Information supplied ▸
━━━━
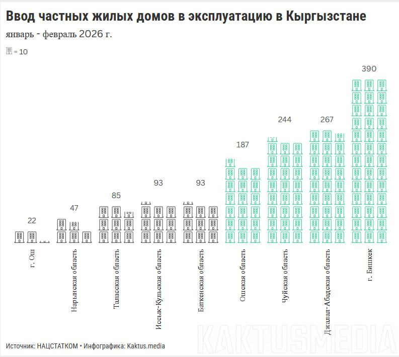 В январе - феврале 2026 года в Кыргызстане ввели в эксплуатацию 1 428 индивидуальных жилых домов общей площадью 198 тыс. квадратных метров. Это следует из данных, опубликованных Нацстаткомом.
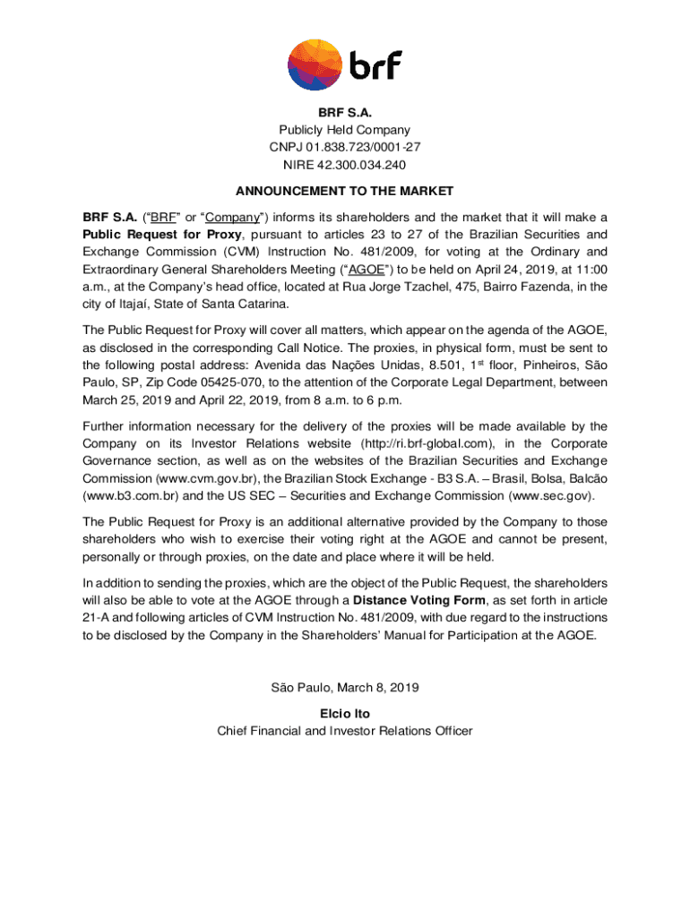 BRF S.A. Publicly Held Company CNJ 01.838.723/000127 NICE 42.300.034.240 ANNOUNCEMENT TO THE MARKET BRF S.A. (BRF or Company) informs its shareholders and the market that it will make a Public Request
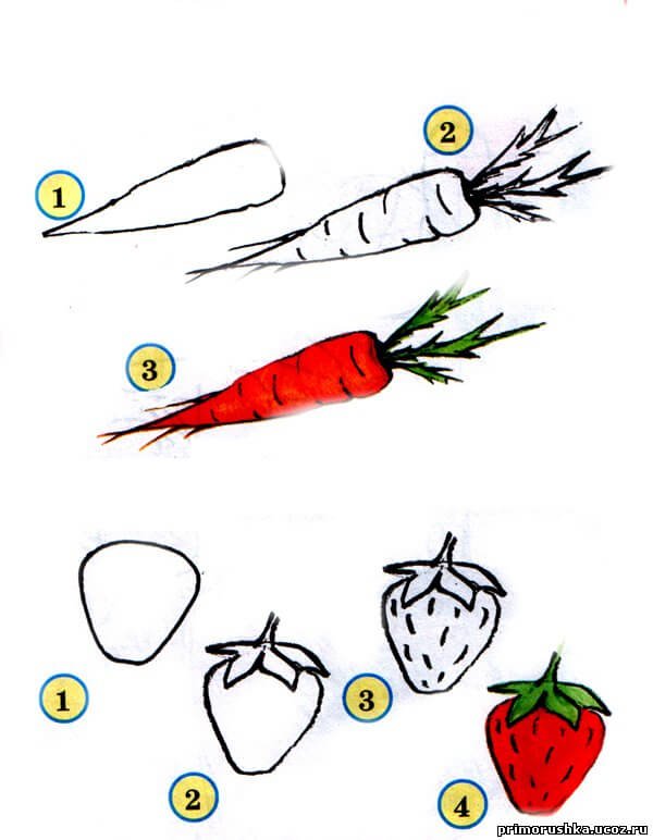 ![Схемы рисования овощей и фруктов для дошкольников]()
━━━━
Reproduce exactly, and only, the lines from the opening line of the listing above through the line holding "BRF S.A. Publicly", minus the pictures.

Output for this exercise ▸
 В январе - феврале 2026 года в Кыргызстане ввели в эксплуатацию 1 428 индивидуальных жилых домов общей площадью 198 тыс. квадратных метров. Это следует из данных, опубликованных Нацстаткомом.
 BRF S.A. Publicly Held Company CNJ 01.838.723/000127 NICE 42.300.034.240 ANNOUNCEMENT TO THE MARKET BRF S.A. (BRF or Company) informs its shareholders and the market that it will make a Public Request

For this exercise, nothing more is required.